I got a MISRA-C warning of Rule 10.8: A composite expression of 'essentially unsigned' type (unsigned char) is being cast to a wider unsigned type, 'unsigned short'.

This warning was detected with the following code.

void Fucntion(unsigned char isSwitchOn) {
    unsigned short switchMask = 0U;

    switchMask |= (unsigned short)(isSwitchOn & 1U) << 1;

Why was a warning detected? Also, does this code cause problems?

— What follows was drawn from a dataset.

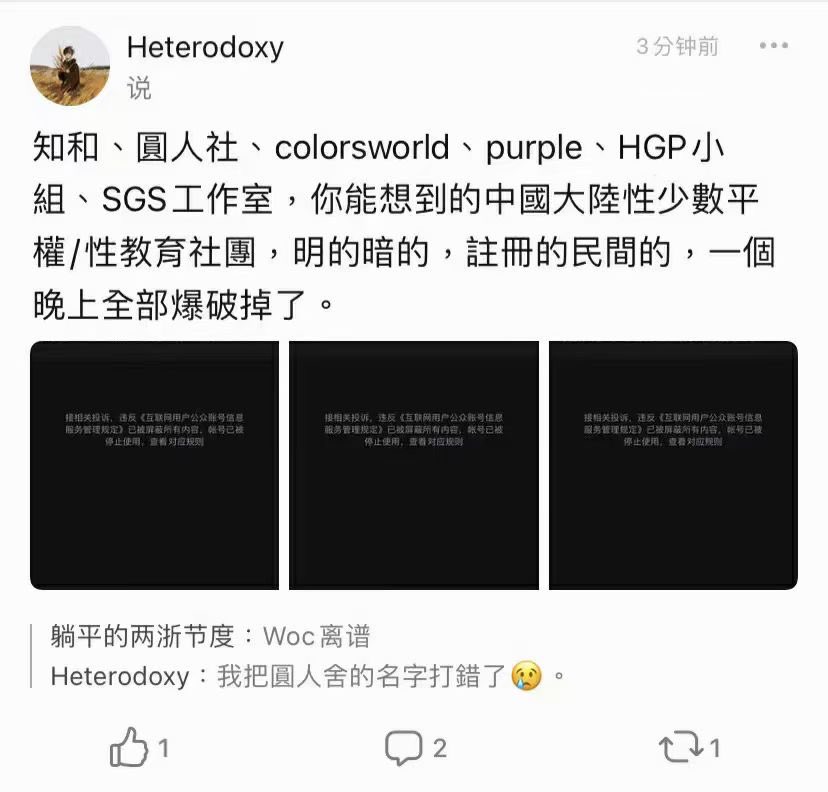 各大高校LGBT公众号炸号?我还记得4月8日时出现了一则“温州少年注射药物变性”报道,那时候我就说“开始了”是一场“阳刚之气整风运动”开始了

I think that the expression (isSwitchOn & 1U) is converted to an int type and calculated, and the result is truncated and stored as an unsigned short type. Thinking like that, the warning seems unnatural to me.

Solution

  • Why was a warning detected?

    Let us look at

    void Fucntion(unsigned char isSwitchOn) {
  unsigned short switchMask = 0U;
  switchMask |= (unsigned short)(isSwitchOn & 1U) << 1;

    1. isSwitchOn, being lower rank than 1U, goes through the usual arithmetic conversion (C11 §6.5.10 3) to the type unsigned to match the type of 1U.

    2. isSwitchOn & 1U is calculated, the result type is unsigned.

    3. Cast (unsigned short) is applied to the unsigned result - this step seems strange. This is the MISRA-C warning of Rule 10.8. There is no need for the cast. The composite type unsigned is unnecessarily being narrowed to unsigned short.

    4. The (unsigned short) result is prepared for shifting and integer promotions are performed on each of the operands of the <<. So the (unsigned short) is promoted to int or possibly unsigned if USHRT_MAX > INT_MAX. Let us assume int.

    5. Now the shift of an int occurs. Result is type int.

    6. The int is applied to a unsigned short.

    Also, does this code cause problems?

    I do not see in this case, the cast causing an issue other than it is WET programing. Had the result been unsigned switchMask, yes then the shifted out bit would have been lost.

    It makes more sense to cast the result after the shift. @Myst

    switchMask |= (unsigned short)((isSwitchOn & 1U) << 1);

    Or avoid other potential warnings with 

    switchMask = (unsigned short)(switchMask | ((isSwitchOn & 1U) << 1));

    I think that the expression (isSwitchOn & 1U) is converted to an int type and calculated

    No, the expression (unsigned short)(isSwitchOn & 1U) is converted to an int type and calculated.

    Note: It is dubious that unsigned char isSwitchOn and unsigned short switchMask are not the same type.